* Work required
Output begins at the line with "Jak wyglądają proporcje" and ends at the last line of the records below. Copy each line in that span exactly, and leave out pictures.

* Source material

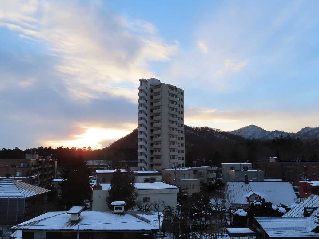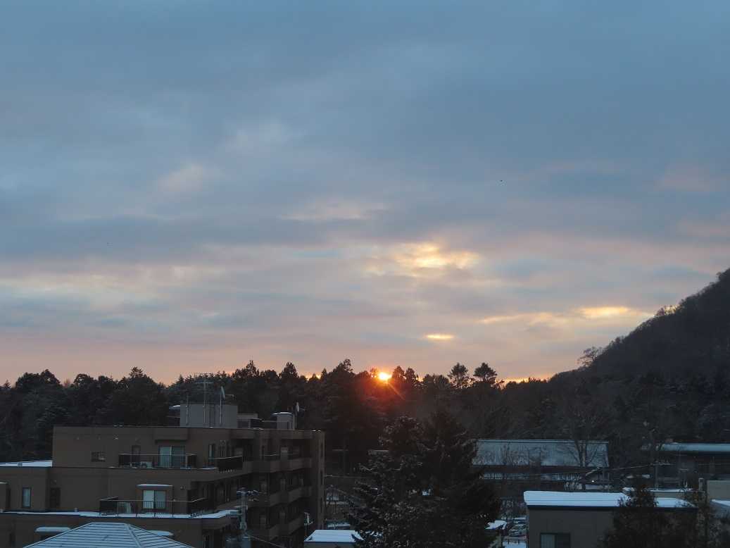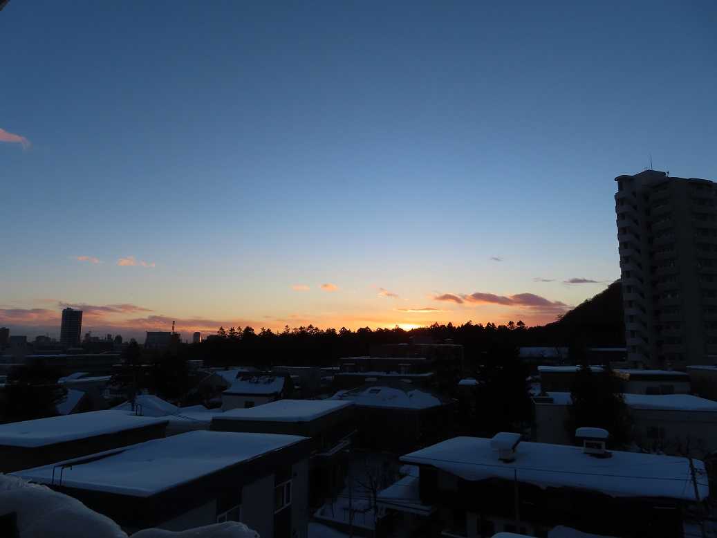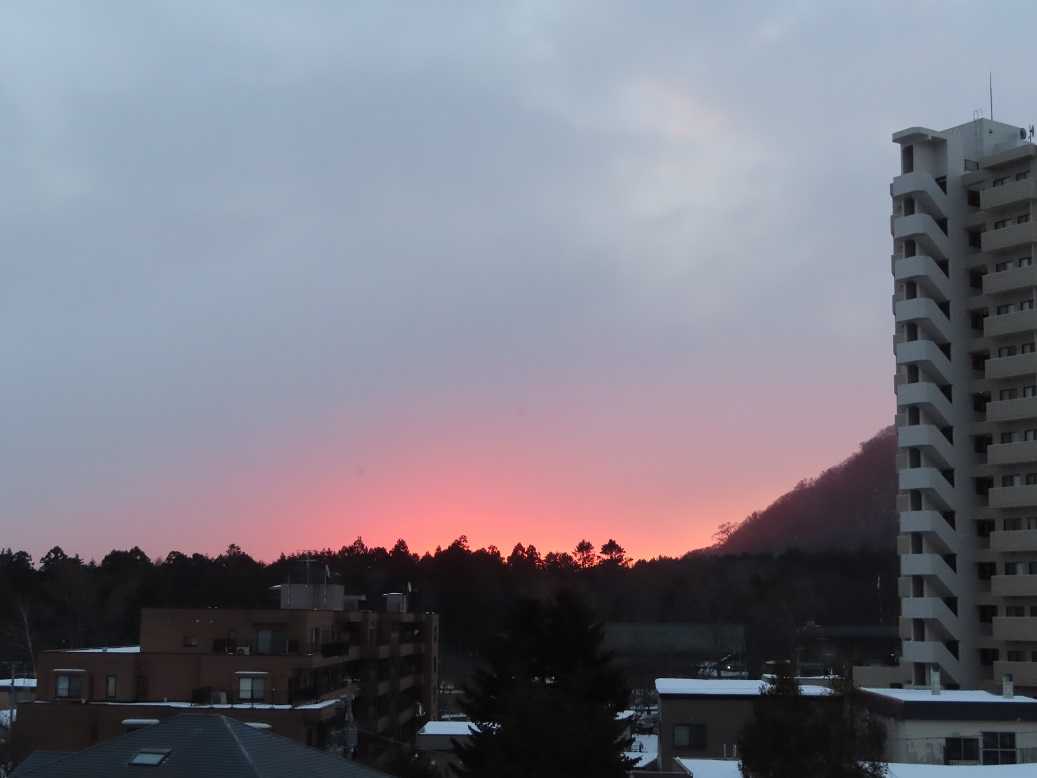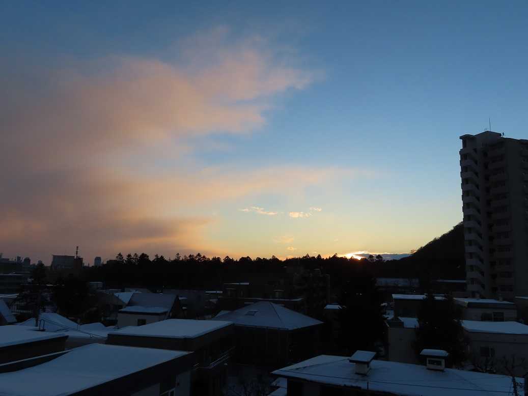快晴の朝で、グラデーションも見事だ。夕張岳もくっきりと。しかし、天気のいい分、放射冷却で、ー13度、寒い。とにかく、気を取り直して、月曜日、出勤するしかない。バスの運転手が足りなくて、乗り継ぎにつかっていたバスは運休だと。歩くしかない、月曜日。
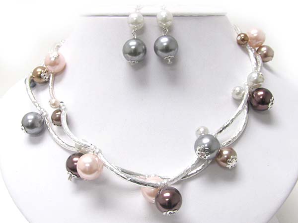 WHOLESALE DOUBLE LAYER PEARL BALL AND SNAKE CHAIN LINK NECKLACE EARRING SET 353637
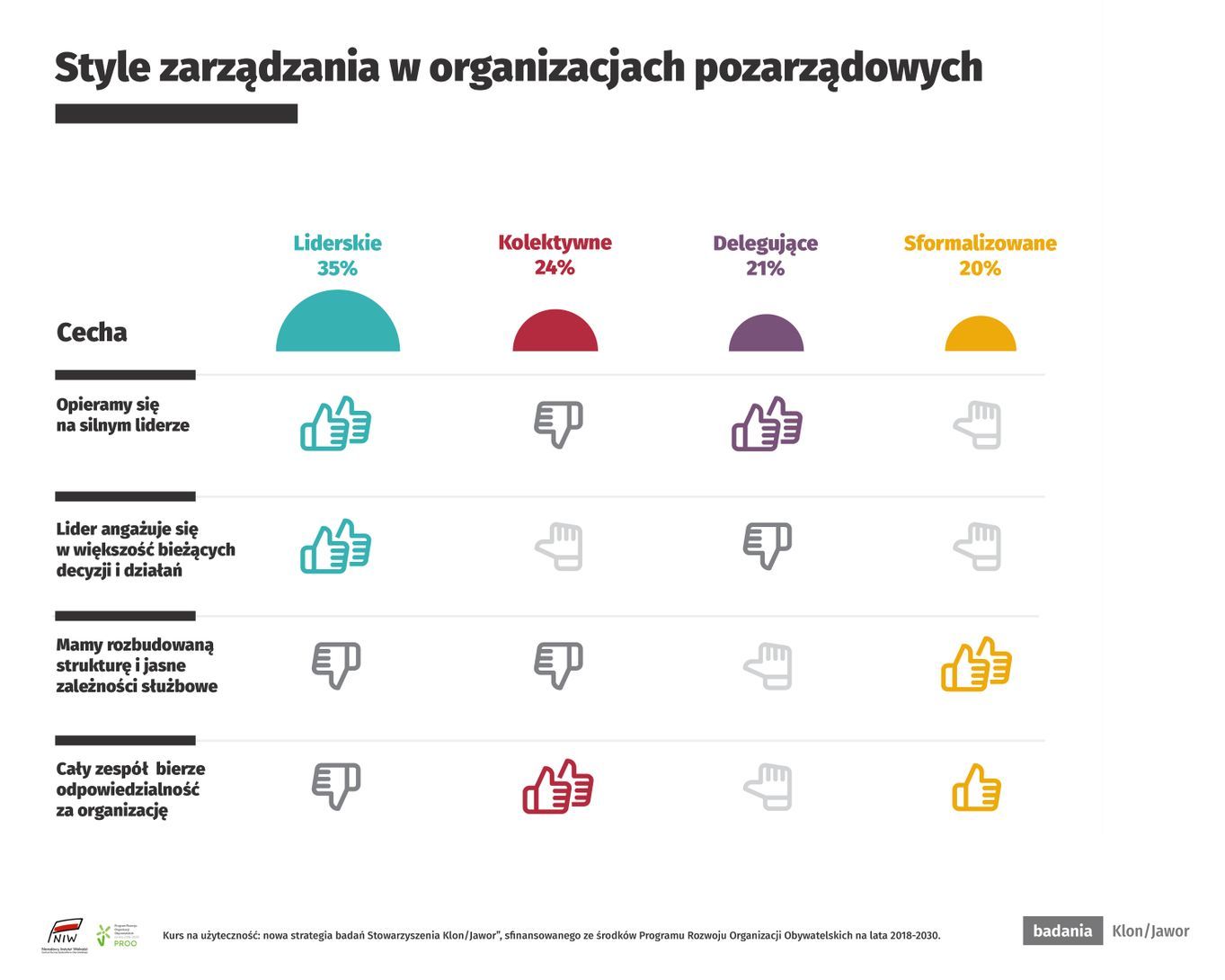 Jak wyglądają proporcje między wyróżnionymi modelami zarządzania? Na pierwszy rzut oka można powiedzieć, że dzielą one sektor na cztery ćwiartki… Nie jest to jednak do końca prawda. Najliczniej reprezentowany jest model liderski – silny lider będący „sterem, żeglarzem i okrętem” charakteryzuje sposób funkcjonowania 35% organizacji.
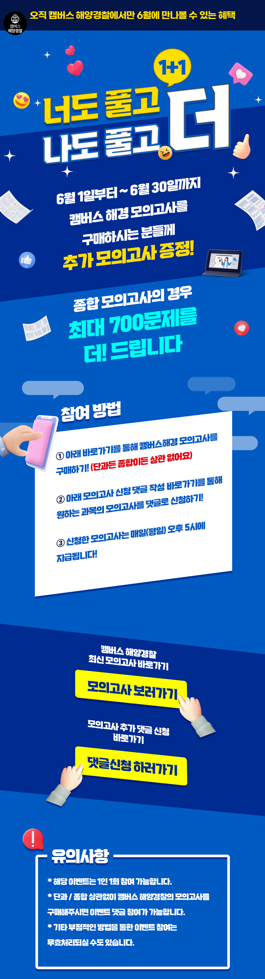 [마감] 캠버스 해양경찰 모의고사 활성화 이벤트! 6월 한 달 간은 모의고사 1+1!! 추가 증정
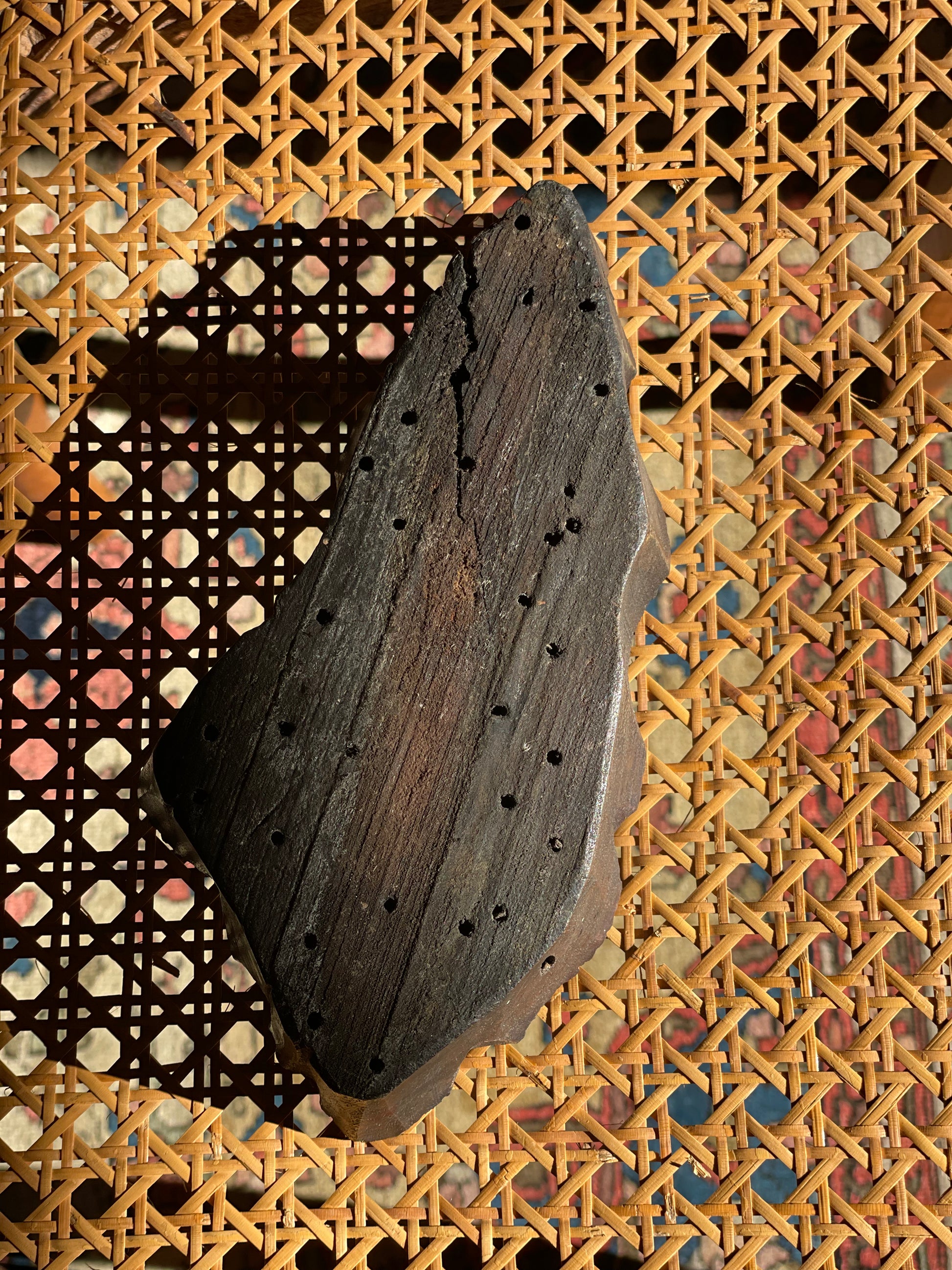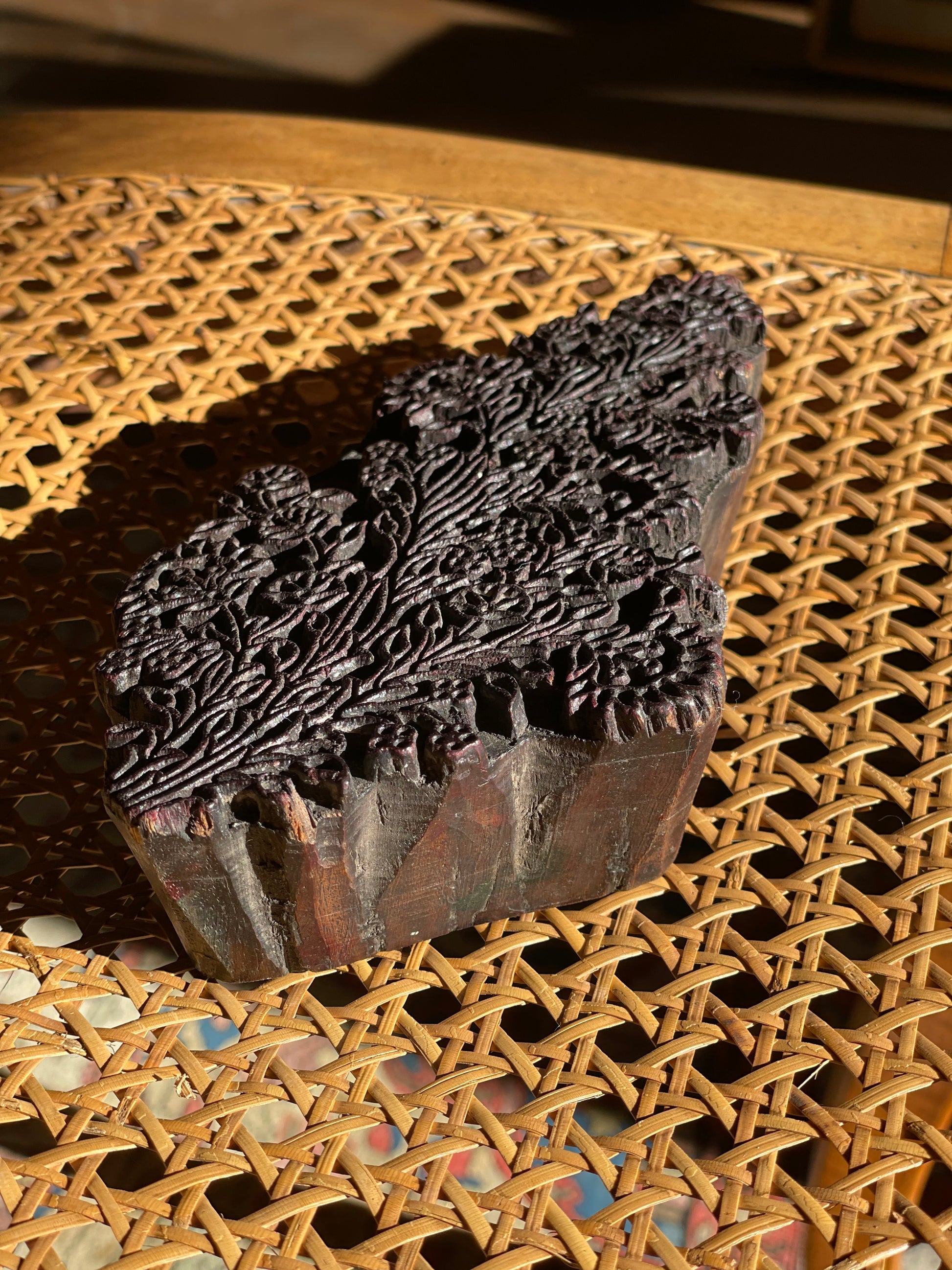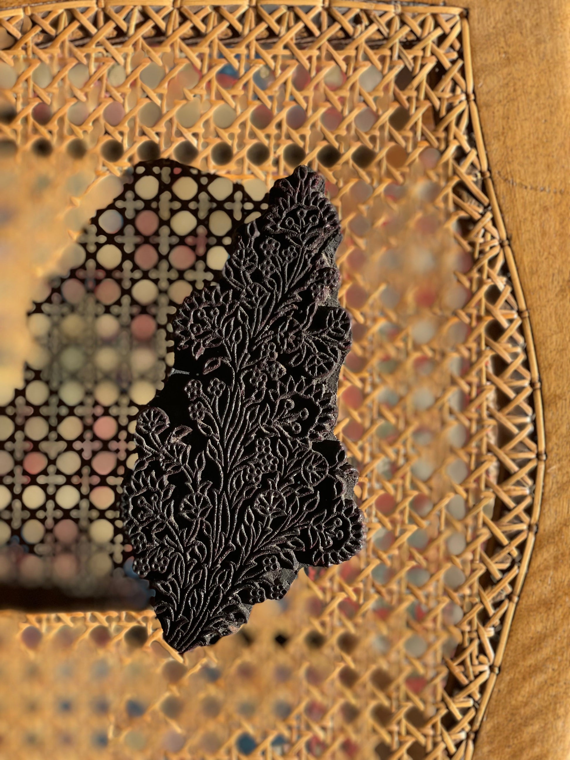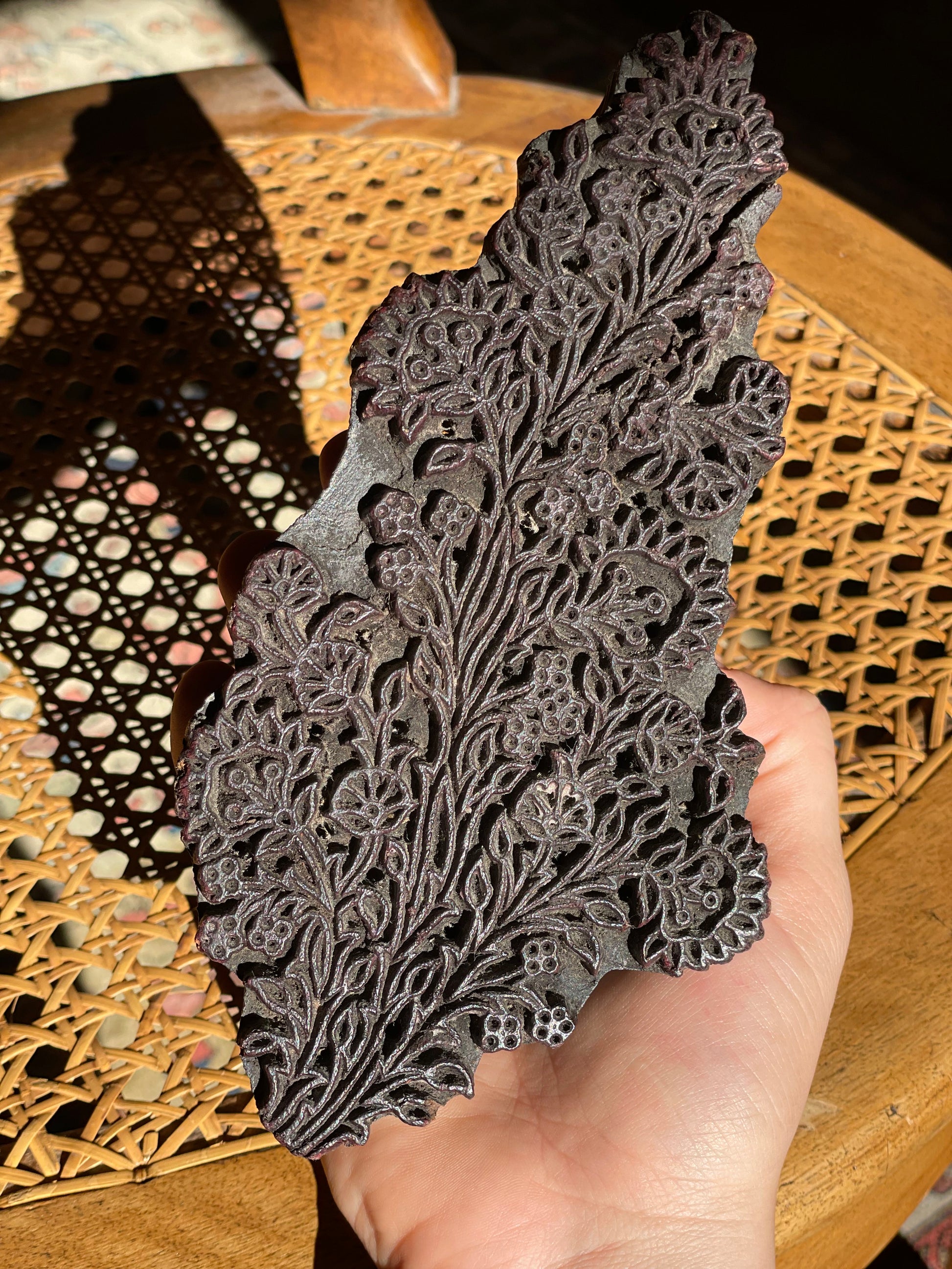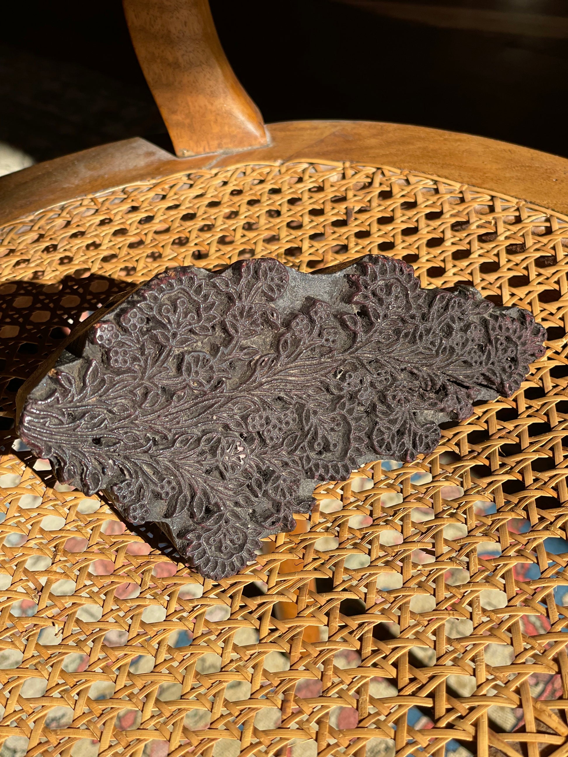 Placă/matriță veche din lemn sculptat manual pentru imprimare textilă-model floral.

* Result of this exercise
 Jak wyglądają proporcje między wyróżnionymi modelami zarządzania? Na pierwszy rzut oka można powiedzieć, że dzielą one sektor na cztery ćwiartki… Nie jest to jednak do końca prawda. Najliczniej reprezentowany jest model liderski – silny lider będący „sterem, żeglarzem i okrętem” charakteryzuje sposób funkcjonowania 35% organizacji.
 [마감] 캠버스 해양경찰 모의고사 활성화 이벤트! 6월 한 달 간은 모의고사 1+1!! 추가 증정
 Placă/matriță veche din lemn sculptat manual pentru imprimare textilă-model floral.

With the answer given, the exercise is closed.